Saturday, June 7, 2008

Buddy Jindal

The Jindal administration could be about to come to a screeching halt due to an astounding bit of incompetence on behalf of the Governor and his staff. You see, it seems the Governor has failed to submit to the Senate for approval several hundred appointments he's made since becoming taking office in January. As a result, those appointments are considered temporary and will expire unless confirmations are rushed through!

Here's how The Baton Rouge Advocate reports it:
Every appointment that Gov. Bobby Jindal has made since he took office in January is in jeopardy because he has not forwarded their names for Senate confirmation.

The appointments by Jindal for 437 jobs — including his top aides — will no longer be valid and they will have to stop working as of June 23, when the legislative session adjourns, according to the state law governing the confirmation process.

Senate and Governmental Affairs Committee Chairman state Sen. Bob Kostelka, R-Monroe, asked Jimmy Faircloth, the governor’s executive counsel, Wednesday to send the official list.

As of 5 p.m. Friday, the list still had not arrived.

The Senate cannot confirm Jindal’s appointees until the list arrives, Kostelka said.
Senator Kostelka has been busy trying to keep and extend a wall of secrecy around the governor and his staff and ensuring that the new ethics regime remains unworkable, but somehow this bit of essential government work just came to his attention.

Who's positions are at stake? Oh, no one important:
Jindal’s top staff, his Cabinet secretaries and other top state agency officials, as well as members of state boards and commissions are among those needing to be confirmed by the state Senate.
This is how the procedure has worked for years, or, at least, until Team Jindal landed on the Fourth Floor of the Capitol:
The Senate gets copies of commissions issued when appointments are made that are filed with the Secretary of State’s Office. But the law requires governors and other statewide officials, who make appointments, to submit lists of their picks to the Senate.

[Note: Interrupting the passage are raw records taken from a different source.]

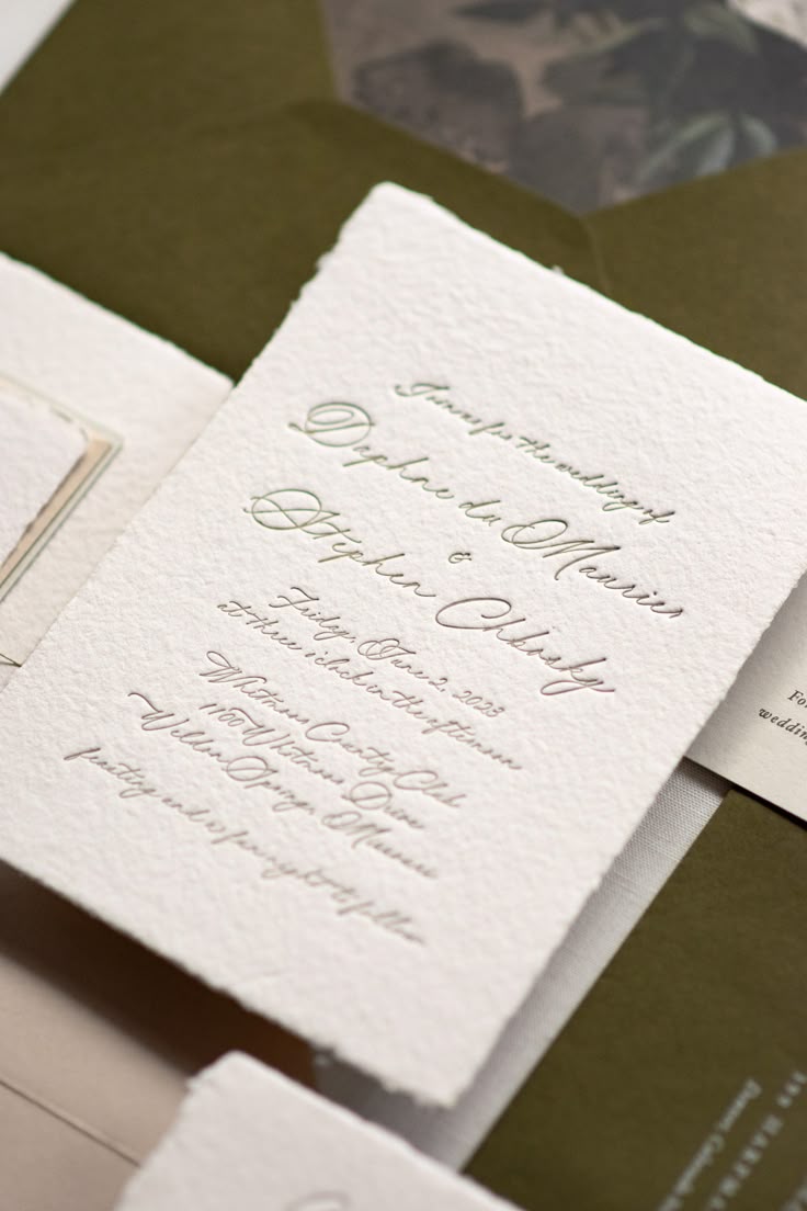 Textured Wedding Invitation with Elegant Script Calligraphy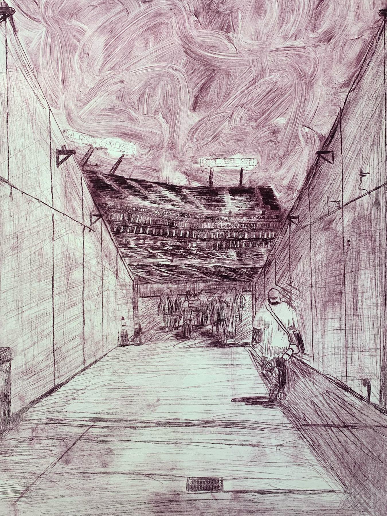 The youth stood waiting, and the man took his hand, they vanished into the bleak dawn. The man could hear, faintly, a voice calling out. He answered, but another’s voice spoke his words, “...it will be okay. I am at peace.” Now he resides beside the Church, in an padded apartment with a pitchblack door, an ivory latch, and cedar walls.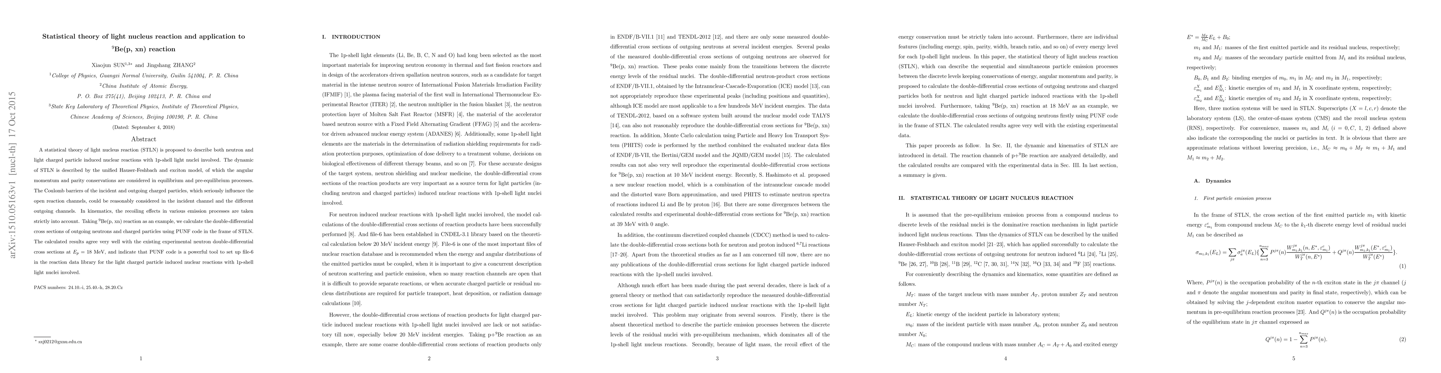 The paper proposes a statistical theory of light nucleus reaction (STLN) for 1p-shell light nuclei, combining the Hauser-Feshbach and exciton models to describe neutron and charged particle reactions. The PUNF code, applied to the $^9$Be(p, xn) reaction, accurately predicts double-differential cross sections, validating its utility for reaction data libraries.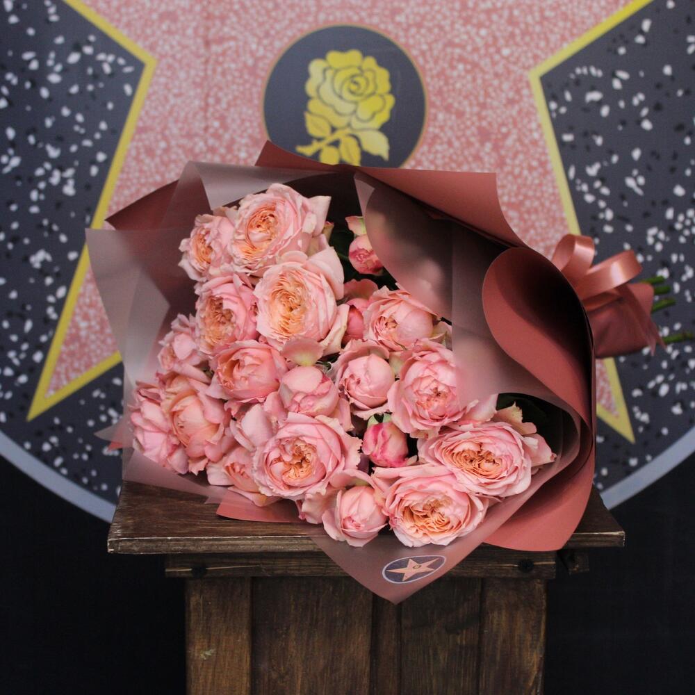 Лента атласная – 1 шт.Пленка дизайнерская – 5 шт.Роза кустовая пионовидная джульетта – 7 шт.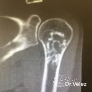 La lesión del humero izquierdo es un ENCONDROMA en concreto.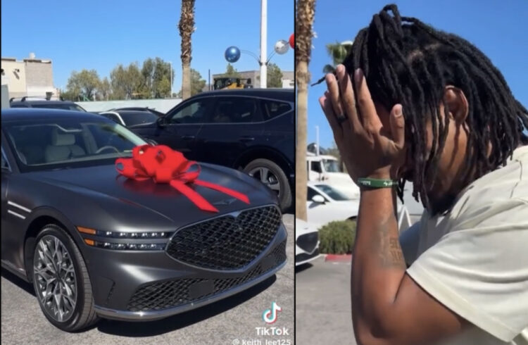 Keith, 27, shared the moment Ronni put his blind fold on and took him right on down to the car lot, where she surprised him with a brand new car.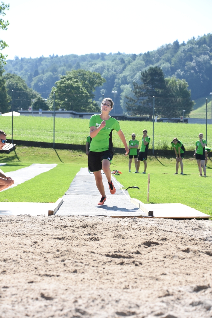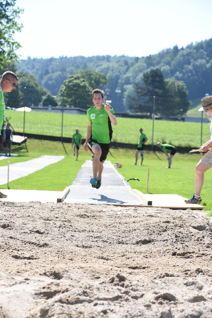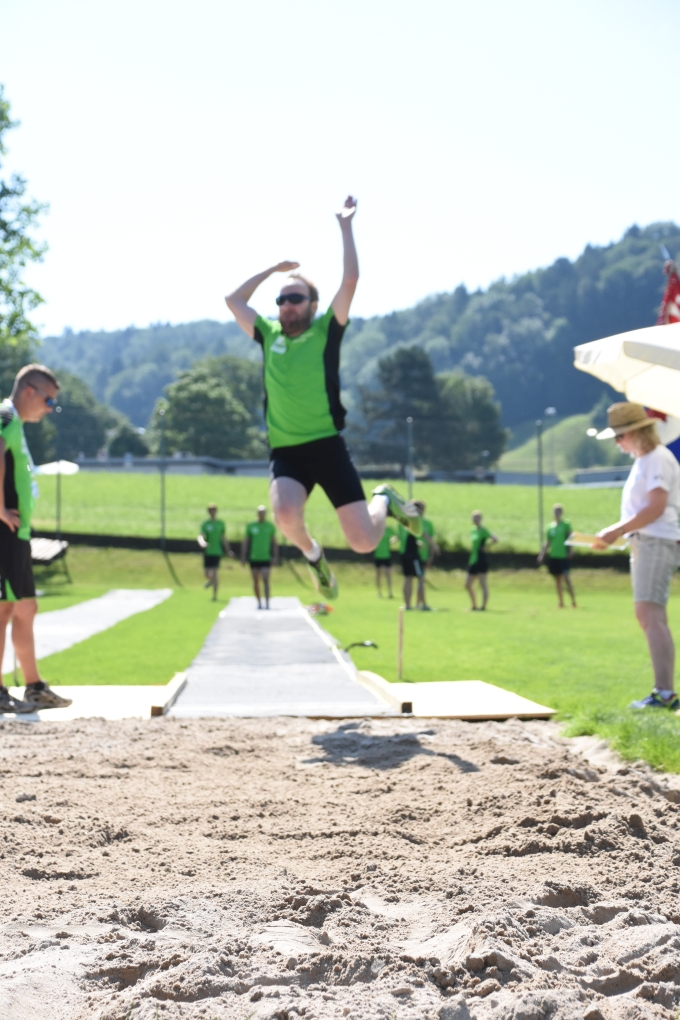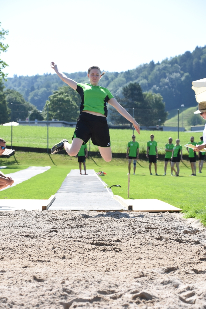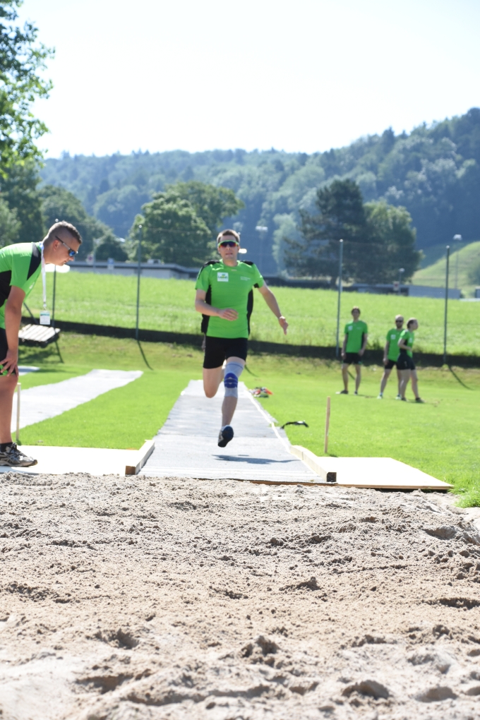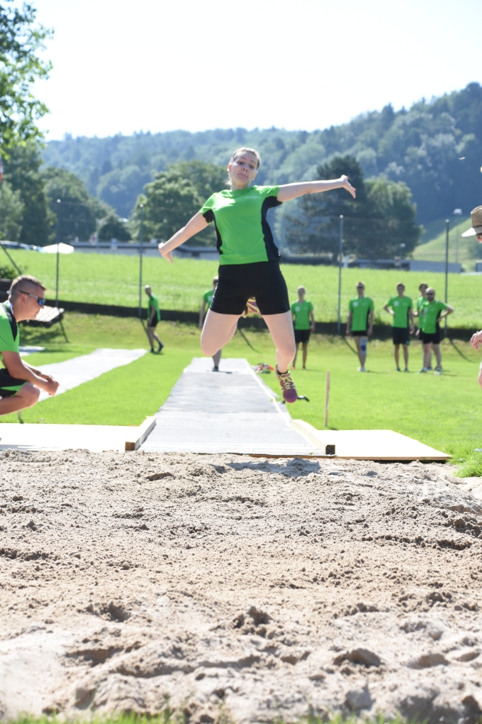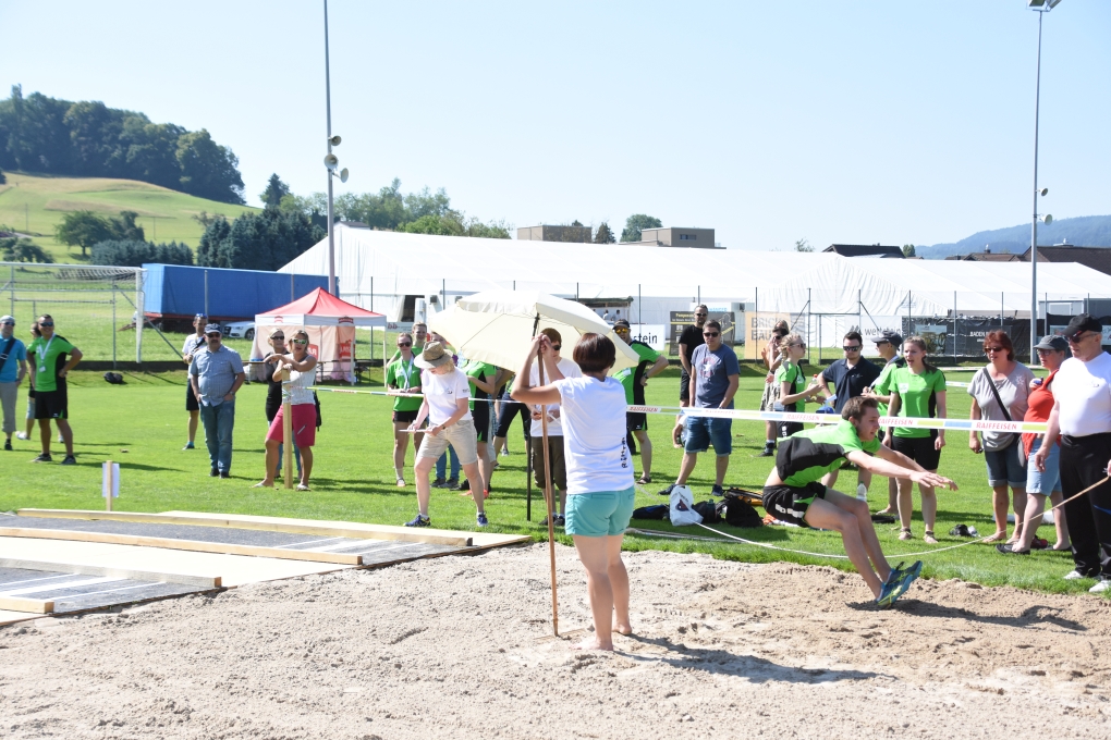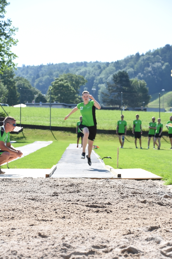 Weitsprung und Schleuderball: Hier zeigte die Organisation des ETF ein grosses Manko. Man musste sich nämlich mit den normalen ÖV zu den Wettkampfplätzen, welche in diesem Fall weit auseinander lagen, begeben. Dementsprechend kamen das Einlaufen und Vorbereiten zu kurz. Immerhin schien dies Svenja nicht zu beeindrucken, mit 4.31m erreichte sie die Note 9.00. Im Schleuderball war es dann so, dass die Anlaufbahn zu schmal war und unsere Aktivriegler:innen wortwörtlich aus der Bahn geworfen wurden.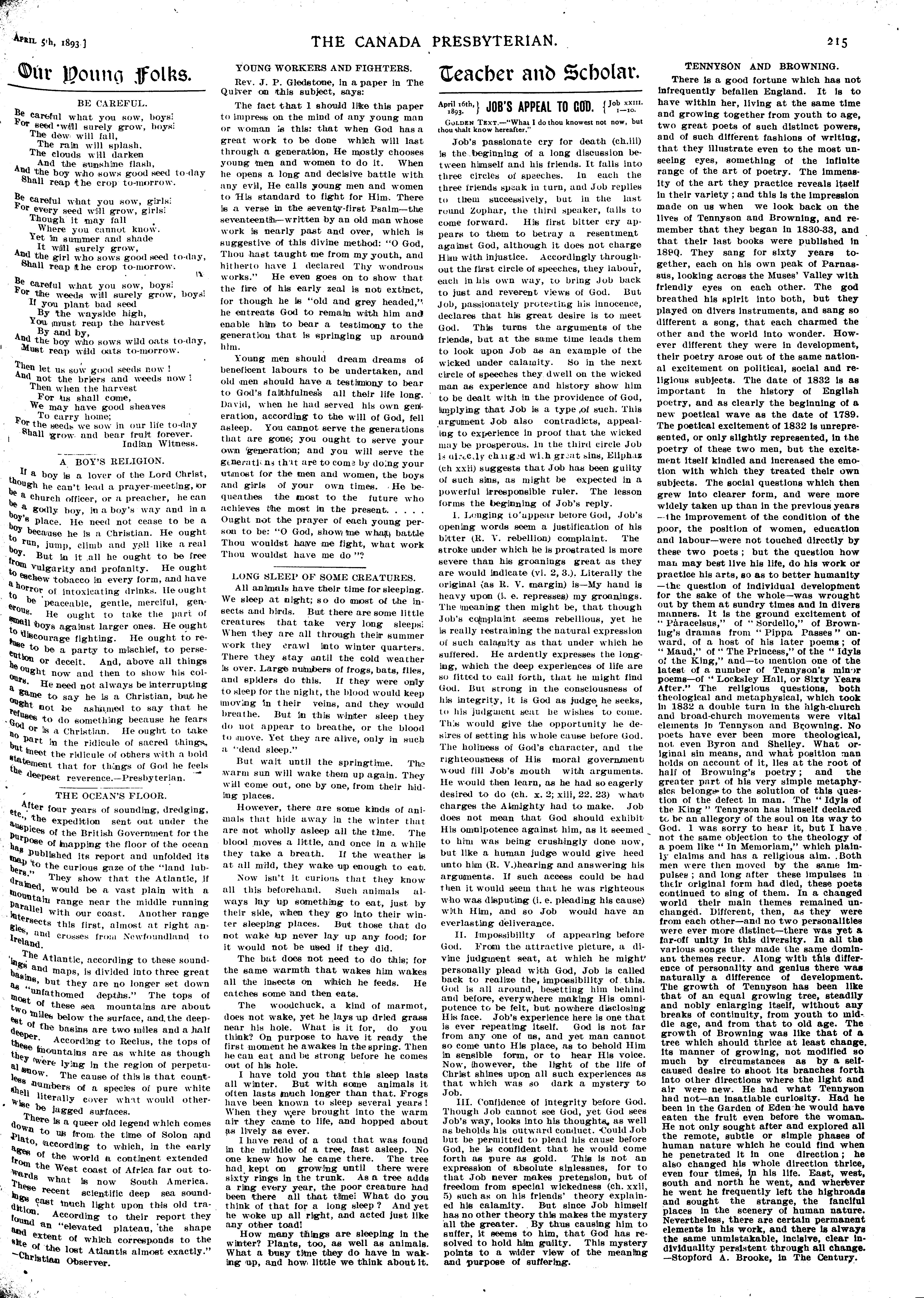The Canada Presbyterian [Vol. 22, no. 14 (Apr. 5, 1893)]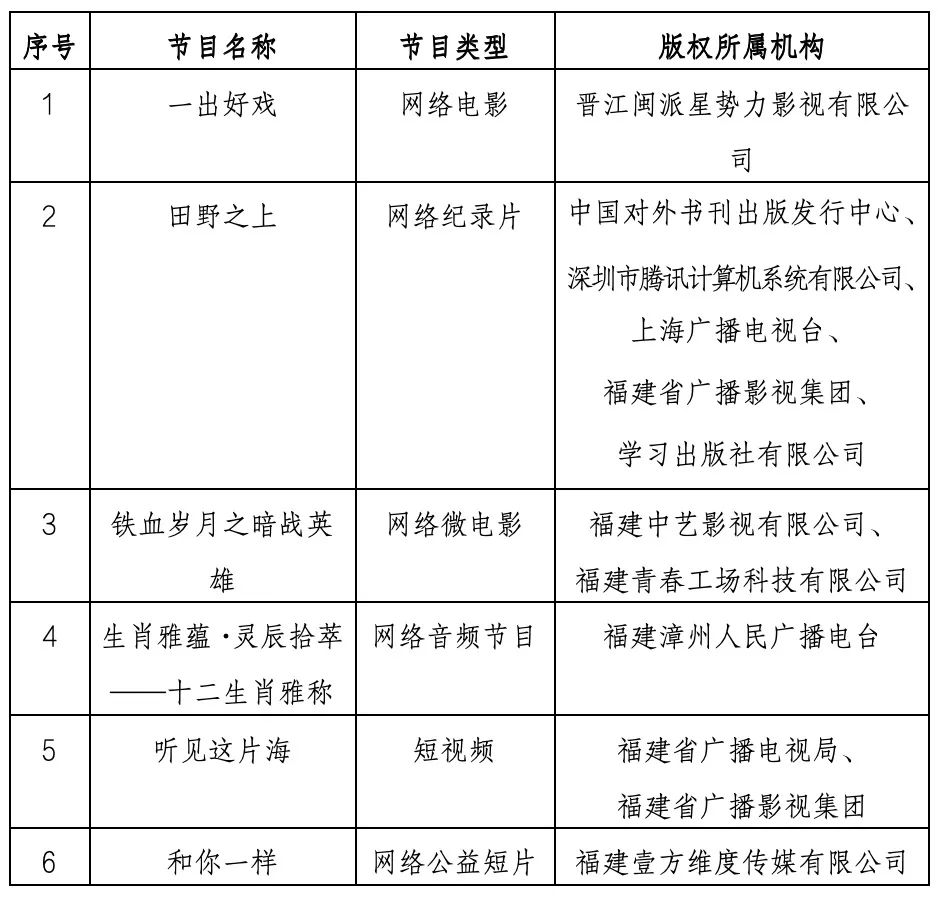 近日,在国家广播电视总局公布的99部2025年第一季度优秀网络视听作品中,我局推荐的6部网络视听优秀作品入选。

Other statewide officials have complied, according to Senate records.

Kostelka’s committee is charged with conducting confirmation hearings on the governor’s appointees as well as those of other statewide elected officials.

The panel is the screening committee for the full Senate.

The panel conducts background checks on the appointees to make sure there are no criminal, tax or other problems in their personal histories. In addition, the names are circulated among senators to see if the senators have a problem with any of the appointees. Senators can blackball an appointee.

Jindal did not respond to four requests for an interview placed through his press secretary, Melissa Sellers.
Denial is, apparently, a major river now flooding the Fourth Floor and threatening to drown all of Jindal's executive appointments.

The Jindal bubble is so tightly sealed that Kostelka felt compelled to have to go public with the information in the hope that someone on the Governor's staff might (accidentally) read the story in the paper and see the need for action.

Jindal's imperial style of governing — learned at the knee of Mike Foster but honed to a fine sheen serving in the Bush administration and the Congress — has little use for law, rules or limitations. Those are for suckers!

Jindal operates on a rarefied plane where he is always the smartest person in the room and others are always deferential. It appears that the Governor could benefit from having his bubble pierced and recognizing that, from time-to-time, he'll have to comply with the mundane rules that governed his merely human predecessors.

The Jindal administration's 'we're special, so we need special rules' attitude hasn't been seen in such stark display in Baton Rouge since the days of Buddy Roemer's administration. That kinship borne of arrogance might explain why the two (Jindal and Roemer) work so well together on behalf of John McCain. They are kindred spirits.

With time and luck, if Jindal keeps on his present path, he could well meet Roemer's fate of being a one-term governor.